Investors like having some say, but they also want to avoid rocking the boat. The government can influence stock valuations through political policies and other actions. Political turmoil can create volatility in the markets. Limited crypto governance gives people enough sway to raise some issues without creating too much uncertainty. 

How Do Users Increase Cryptocurrencies’ Value

The crowds impact asset prices. We see this with intangible assets like crypto and tangible assets like real estate. People can actively increase a cryptocurrency’s valuation or let to a digital currency’s downfall. We’ll discuss some of the ways users increase cryptocurrency valuations.

Mass Adoption

When people rapidly adopt a cryptocurrency, the price skyrockets. We experienced this trend in 2021, with Dogecoin and Shiba Inu going from unknown coins to mainstream digital assets. A sudden surge in demand can trigger mass adoption and rising prices. Mobile banking apps make cryptos easier to access. They have removed the barriers of entry that discouraged early investors from entering the fray.

Trading

Retail investors aim to make a profit by capitalizing on real-time price fluctuations. Traders hope to buy low and sell at all-time highs on cryptocurrency exchanges. Lower transaction costs have encouraged more traders to participate in crypto markets and capitalize on any crypto upswing they find. Trading activity impacts crypto volume and can inspire more traders to enter the space. People may hear about incredible gains from cryptocurrency trading and try to mimic those returns. If you don’t like crypto’s current prices, you can hold your money in a Current Savings Pod. You’ll receive 4% APY while waiting for crypto prices to reach a lower level. This attractive interest rate rewards you for being patient and helps you buy crypto at your price.

Holding For Dividends

Some cryptocurrencies pay dividends through a proof-of-stake model. People with cryptocurrencies in their accounts will receive a dividend that increases their crypto positions. Holding preserves a cryptocurrency’s value, and dividends create the perception of increased wealth. Dividends won’t impact the market cap or the total value of your holdings. For example, a $100 crypto offering a $1 dividend falls to $99 upon giving you the $1 dividend. You’ll still have $100 worth of crypto, but you’ll have more coins in your digital wallet at a lower market price per coin. 

Mining

Crypto mining enables people to tap into untouched cryptocurrencies. Crypto mining increases supply and makes these assets functional. Every crypto asset needs miners to tap into reserves. 

Increasing Utility

Merchants play a significant role in crypto’s adoption. Long-term crypto enthusiasts dream of the day when they can buy and sell goods and services with Bitcoin. They yearn for the day when sites like Amazon accept crypto payments. The crypto community has generated speculation and rumors about companies like Walmart and Amazon accepting crypto payments in the past. Even though these companies currently don’t offer crypto as a form of payment, thousands of companies already do.

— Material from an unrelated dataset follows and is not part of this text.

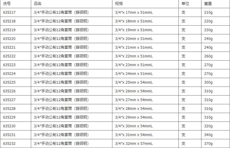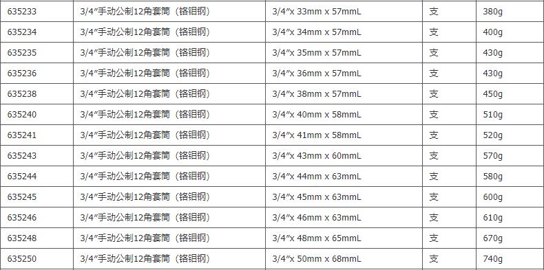 天赋genius 3/4"(19mm)手动公制12角套筒,铬钼钢,3/4"*41mm*58mmL,635241 |

Each company that enables crypto payments increases the currency’s utility. Bitcoin ATMs further normalize cryptocurrencies and strengthen utility. Some banking apps let you accumulate crypto instead of making you rely on fiat currencies. Not every cryptocurrency reaches this level of utility. Some investors buy altcoins with low market caps hoping that they gain utility in the future.

Media Coverage/Celebrity Influence and Whales

The media enjoys covering the daily price movements of assets like crypto. They regularly cover top cryptocurrencies such as Bitcoin and Ethereum, but their coverage can lead to a significant appreciation for certain altcoins. Their coverage of Dogecoin and Shiba Inu brought more attention to the emerging assets. Celebrity influencers like Elon Musk also promoted those cryptocurrencies and created more dialogue around these digital currencies. Whales can also make significant purchases and sales that impact crypto prices.